- Born: Liberty Lettice Lark Ross 23 September 1978 (age 47) Hammersmith, London, England
- Occupation: Model
- Spouses: ; Rupert Sanders ​ ​(m. 2002; div. 2014)​ ; Jimmy Iovine ​ ​(m. 2016)​
- Children: 2
- Relatives: Atticus Ross (brother) Leopold Ross (brother) The 1st Baron Killearn (maternal grandfather) Aldo Castellani (great-grandfather)

= Liberty Ross =

English model and actress (born 1978)

Liberty Lettice Lark Ross (born 23 September 1978) is an English model. She has appeared in publications such as Vogue, Harper's Bazaar, i-D, and Dazed & Confused. She is the sister of composers Atticus and Leopold Ross.

== Career ==
=== Modelling ===
Ross met Mario Testino on Portobello Road in London, where he asked her and a group of friends to do a shoot for British Vogue. She worked sporadically as a model throughout her childhood. She appeared on Ozzy Osbourne's No Rest for the Wicked album cover at the age of nine. In 1992, she signed with Storm Management.
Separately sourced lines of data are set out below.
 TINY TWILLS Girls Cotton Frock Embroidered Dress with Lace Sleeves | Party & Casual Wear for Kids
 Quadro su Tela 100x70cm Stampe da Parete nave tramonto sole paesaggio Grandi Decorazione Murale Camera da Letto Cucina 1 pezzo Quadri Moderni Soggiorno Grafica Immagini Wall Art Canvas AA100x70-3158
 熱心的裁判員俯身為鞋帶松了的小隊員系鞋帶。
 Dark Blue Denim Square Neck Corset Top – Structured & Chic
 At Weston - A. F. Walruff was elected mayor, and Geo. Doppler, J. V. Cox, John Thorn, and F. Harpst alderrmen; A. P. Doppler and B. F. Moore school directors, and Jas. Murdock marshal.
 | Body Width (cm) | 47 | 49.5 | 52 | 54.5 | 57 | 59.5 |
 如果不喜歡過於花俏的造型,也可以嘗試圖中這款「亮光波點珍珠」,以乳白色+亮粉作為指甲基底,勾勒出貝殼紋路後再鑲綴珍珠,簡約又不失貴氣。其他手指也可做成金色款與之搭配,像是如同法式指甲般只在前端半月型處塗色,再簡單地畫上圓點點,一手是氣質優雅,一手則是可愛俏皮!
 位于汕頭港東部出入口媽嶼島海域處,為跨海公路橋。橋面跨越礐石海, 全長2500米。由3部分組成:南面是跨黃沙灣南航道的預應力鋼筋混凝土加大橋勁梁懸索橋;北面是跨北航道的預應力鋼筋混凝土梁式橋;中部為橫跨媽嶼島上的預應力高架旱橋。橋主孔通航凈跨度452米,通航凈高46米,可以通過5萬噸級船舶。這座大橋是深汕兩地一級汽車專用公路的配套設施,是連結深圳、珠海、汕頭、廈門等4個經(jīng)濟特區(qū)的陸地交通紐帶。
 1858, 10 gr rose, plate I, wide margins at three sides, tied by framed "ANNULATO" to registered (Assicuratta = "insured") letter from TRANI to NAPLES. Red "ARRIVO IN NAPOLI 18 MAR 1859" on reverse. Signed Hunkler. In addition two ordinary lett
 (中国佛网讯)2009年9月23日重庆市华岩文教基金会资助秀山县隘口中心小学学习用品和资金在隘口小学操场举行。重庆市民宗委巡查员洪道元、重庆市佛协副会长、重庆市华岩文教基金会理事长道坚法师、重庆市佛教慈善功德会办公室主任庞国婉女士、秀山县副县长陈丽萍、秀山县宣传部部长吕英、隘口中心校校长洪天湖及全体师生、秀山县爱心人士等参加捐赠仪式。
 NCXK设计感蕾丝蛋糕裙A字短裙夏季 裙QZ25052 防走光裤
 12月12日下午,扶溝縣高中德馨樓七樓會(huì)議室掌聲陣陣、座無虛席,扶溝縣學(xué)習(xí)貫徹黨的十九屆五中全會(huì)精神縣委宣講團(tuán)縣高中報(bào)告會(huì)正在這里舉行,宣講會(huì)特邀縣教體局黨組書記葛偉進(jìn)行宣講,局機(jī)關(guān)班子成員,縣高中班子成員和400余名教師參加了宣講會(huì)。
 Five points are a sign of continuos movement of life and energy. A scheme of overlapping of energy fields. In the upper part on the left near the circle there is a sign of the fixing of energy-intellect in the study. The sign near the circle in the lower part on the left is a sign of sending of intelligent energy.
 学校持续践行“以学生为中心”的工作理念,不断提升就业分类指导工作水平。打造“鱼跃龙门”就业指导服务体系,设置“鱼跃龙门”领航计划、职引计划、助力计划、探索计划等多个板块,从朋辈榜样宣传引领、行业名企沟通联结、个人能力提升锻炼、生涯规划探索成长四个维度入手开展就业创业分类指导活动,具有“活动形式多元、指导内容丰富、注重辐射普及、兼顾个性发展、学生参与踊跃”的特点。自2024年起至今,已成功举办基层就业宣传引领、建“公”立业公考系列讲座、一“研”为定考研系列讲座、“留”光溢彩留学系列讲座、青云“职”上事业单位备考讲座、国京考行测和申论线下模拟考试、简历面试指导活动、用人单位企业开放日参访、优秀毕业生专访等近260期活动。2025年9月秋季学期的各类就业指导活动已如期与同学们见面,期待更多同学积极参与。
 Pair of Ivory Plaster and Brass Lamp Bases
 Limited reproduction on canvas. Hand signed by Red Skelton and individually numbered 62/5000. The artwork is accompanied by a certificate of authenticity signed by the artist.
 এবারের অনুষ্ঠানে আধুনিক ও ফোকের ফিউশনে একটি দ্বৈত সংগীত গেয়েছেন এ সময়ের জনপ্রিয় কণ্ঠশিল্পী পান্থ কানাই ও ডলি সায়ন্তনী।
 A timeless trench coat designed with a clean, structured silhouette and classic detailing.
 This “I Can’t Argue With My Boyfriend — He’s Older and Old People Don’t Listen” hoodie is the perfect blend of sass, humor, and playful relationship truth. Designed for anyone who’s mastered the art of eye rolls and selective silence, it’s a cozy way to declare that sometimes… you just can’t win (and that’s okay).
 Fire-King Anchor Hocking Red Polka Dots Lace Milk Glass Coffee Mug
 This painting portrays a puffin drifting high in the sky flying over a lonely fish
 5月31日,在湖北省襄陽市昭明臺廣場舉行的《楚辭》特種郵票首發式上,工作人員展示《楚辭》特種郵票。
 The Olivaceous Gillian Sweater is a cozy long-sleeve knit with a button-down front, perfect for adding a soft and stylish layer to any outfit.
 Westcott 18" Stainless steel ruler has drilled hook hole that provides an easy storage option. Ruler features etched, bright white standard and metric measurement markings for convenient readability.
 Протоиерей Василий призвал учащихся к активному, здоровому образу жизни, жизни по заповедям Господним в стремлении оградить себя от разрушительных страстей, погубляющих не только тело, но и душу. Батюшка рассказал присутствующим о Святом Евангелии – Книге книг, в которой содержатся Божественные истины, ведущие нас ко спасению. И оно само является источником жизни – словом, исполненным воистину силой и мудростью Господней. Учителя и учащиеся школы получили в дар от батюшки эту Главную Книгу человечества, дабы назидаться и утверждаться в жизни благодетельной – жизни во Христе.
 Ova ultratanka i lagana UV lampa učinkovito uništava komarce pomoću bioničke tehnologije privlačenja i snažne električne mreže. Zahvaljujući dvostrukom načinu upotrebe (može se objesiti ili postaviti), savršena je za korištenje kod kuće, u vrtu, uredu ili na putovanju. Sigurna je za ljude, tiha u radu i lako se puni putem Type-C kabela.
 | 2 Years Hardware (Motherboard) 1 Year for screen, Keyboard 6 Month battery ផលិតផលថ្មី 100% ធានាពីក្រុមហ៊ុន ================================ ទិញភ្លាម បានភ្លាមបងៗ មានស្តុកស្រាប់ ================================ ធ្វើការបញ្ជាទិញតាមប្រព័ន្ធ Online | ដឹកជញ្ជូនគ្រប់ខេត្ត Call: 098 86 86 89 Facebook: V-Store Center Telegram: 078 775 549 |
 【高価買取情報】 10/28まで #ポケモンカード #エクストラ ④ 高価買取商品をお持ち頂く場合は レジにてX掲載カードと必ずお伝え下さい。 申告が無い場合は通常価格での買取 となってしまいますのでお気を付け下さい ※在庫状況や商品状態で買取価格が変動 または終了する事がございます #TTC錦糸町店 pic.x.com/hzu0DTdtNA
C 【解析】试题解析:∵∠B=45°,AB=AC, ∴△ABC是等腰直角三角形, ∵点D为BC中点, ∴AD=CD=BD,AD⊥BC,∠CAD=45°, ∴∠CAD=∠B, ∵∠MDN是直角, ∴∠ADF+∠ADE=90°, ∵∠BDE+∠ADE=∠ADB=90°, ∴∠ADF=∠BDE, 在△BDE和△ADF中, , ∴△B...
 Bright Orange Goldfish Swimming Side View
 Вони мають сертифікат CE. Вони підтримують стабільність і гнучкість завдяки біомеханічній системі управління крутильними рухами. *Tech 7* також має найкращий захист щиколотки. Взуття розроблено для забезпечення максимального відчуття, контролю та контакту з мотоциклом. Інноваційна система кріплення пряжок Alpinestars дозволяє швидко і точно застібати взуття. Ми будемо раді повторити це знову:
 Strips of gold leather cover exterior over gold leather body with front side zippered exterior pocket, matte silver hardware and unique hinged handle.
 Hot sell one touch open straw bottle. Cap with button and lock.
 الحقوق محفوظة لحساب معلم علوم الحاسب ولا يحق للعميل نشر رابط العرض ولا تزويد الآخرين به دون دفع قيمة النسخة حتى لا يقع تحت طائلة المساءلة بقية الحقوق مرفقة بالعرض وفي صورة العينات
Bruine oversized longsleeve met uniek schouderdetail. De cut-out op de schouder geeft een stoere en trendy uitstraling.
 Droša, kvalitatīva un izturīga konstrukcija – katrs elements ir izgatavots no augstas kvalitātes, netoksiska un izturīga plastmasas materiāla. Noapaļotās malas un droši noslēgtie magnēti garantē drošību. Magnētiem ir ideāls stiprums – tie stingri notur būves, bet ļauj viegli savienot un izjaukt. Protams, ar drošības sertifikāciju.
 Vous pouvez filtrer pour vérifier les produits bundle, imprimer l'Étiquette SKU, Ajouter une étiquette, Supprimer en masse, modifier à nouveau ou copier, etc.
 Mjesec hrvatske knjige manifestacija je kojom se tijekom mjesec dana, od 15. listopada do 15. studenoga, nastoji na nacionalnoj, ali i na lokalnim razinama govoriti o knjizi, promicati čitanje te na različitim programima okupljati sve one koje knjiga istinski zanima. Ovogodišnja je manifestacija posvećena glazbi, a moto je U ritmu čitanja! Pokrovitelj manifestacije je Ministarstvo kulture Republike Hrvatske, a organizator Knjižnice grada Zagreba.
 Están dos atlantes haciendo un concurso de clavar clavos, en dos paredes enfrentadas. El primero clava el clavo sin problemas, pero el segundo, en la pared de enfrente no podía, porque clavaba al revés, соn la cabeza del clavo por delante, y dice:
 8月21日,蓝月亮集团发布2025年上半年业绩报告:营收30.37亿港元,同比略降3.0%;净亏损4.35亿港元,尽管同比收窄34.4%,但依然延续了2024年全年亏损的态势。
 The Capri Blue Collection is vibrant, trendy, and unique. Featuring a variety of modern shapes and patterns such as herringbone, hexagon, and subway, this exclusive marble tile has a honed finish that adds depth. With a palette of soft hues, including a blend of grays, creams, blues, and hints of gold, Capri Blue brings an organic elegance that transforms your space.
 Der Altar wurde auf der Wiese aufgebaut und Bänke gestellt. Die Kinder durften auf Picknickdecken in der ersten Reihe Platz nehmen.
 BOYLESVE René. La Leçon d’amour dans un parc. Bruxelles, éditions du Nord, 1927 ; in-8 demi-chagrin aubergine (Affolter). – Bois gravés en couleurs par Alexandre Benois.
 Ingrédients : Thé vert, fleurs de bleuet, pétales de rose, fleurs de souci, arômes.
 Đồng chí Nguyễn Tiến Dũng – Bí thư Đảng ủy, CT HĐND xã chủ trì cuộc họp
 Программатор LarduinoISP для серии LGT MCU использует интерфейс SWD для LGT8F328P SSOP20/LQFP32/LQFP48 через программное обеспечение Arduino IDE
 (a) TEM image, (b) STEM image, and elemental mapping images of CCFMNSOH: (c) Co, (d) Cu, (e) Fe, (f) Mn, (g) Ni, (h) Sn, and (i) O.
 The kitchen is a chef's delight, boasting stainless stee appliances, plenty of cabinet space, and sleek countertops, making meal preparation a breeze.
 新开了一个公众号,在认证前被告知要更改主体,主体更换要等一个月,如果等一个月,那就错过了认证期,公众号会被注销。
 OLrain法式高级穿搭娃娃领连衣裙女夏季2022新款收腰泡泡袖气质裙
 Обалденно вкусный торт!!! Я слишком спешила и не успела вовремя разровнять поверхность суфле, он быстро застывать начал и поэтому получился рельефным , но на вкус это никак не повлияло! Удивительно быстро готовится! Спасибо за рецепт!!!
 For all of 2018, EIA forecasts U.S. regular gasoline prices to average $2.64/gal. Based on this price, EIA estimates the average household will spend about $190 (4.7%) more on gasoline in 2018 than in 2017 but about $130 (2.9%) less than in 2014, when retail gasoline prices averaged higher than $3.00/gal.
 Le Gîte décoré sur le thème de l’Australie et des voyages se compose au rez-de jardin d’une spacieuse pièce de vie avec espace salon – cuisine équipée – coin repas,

In 2000, Ross became the face of an Emanuel Ungaro ad campaign. In May, Ross appeared on the twentieth anniversary cover of The Face alongside Kate Moss. In June, Ross appeared on the cover of British Vogue, shot by Testino. Ross was then awarded Model of the Year at the Elle Style Awards.

Ross was photographed by Robin Derrick for the December 2000/January 2001 issue of Vogue Russia. In 2001, she was the primary model in the ad campaign for Levi's Engineered Jeans. In January 2002, Ross was again featured on the cover of British Vogue, also photographed by Testino, alongside nine other British models including Kate Moss, Naomi Campbell, Stella Tennant and Erin O'Connor. Later that year, Ross shot Burberry's spring campaign alongside Kate Moss and Eva Herzigova, and also appeared on the November 2002 cover of British magazine i-D, photographed by Kayt Jones.

In 2003, Ross became the face of the luxury footwear brand Jimmy Choo. She also modelled for the cover of Vogue Russia, photographed by Todd Barry.

In 2004, she modelled for Dior's Addict perfume. Ross then appeared in the Pirelli Calendar, photographed by Nick Knight. Shortly after, Ross began a three-year hiatus to focus on her family life that ended in 2007 when she re-signed with Storm.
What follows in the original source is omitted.